Yesterday I stood at the edge of the Atlantic Ocean during a stormy sunrise. The beach on the Outer Banks of North Carolina stretched out of sight in both directions. The deep blue clouds, lighted from above were a thing of rare beauty.  The strong, gusty winds pushed me around like one of the few brave seagulls.  But what overwhelmed me most was the inescapable salty aroma that heralded the transition from continent to ocean, the edge of two very different worlds that touch at the thin coastal line.
These two worlds collide at a raw edge that brings constant upheaval to both.  It is a place of extreme beauty and danger for those who dwell on the land and those who traverse the seas.  In centuries past, many seafarers, hoping for solid ground, met their end in an unhappy transition from one to the other. This “Graveyard of the Atlantic “ has an auspicious reputation. The lure of the salty surf claims more unwary land dwellers each weekend than all the inland waterways of this enormous continent.

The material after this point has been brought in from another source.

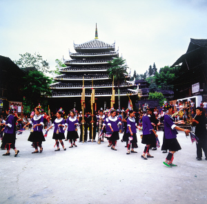 侗寨鼓樓前的表演。侗家把鼓樓當(dāng)做遮蔭樹(shù),既是侗寨的象征,也是氏族的標(biāo)志。因此,所有鼓樓都是全寨人集資、出力興建的,大一點(diǎn)的村寨按居住范圍會(huì)建幾座鼓樓。

What draws us to this edge? What intensifies its appeal? Why leave the relative safety of the familiar to gaze upon the chasm? It seems we are helpless to resist the vastness of the unknown, the longing for transition. From the womb into the larger world, from childhood to adolescence, marriage, parenthood pull us in like gravity.  There at the edge we inhale the aroma that tells us we are alive. We see the unsettling dangers – both beautiful and frightening.  We wade in… and lose forever our familiar past.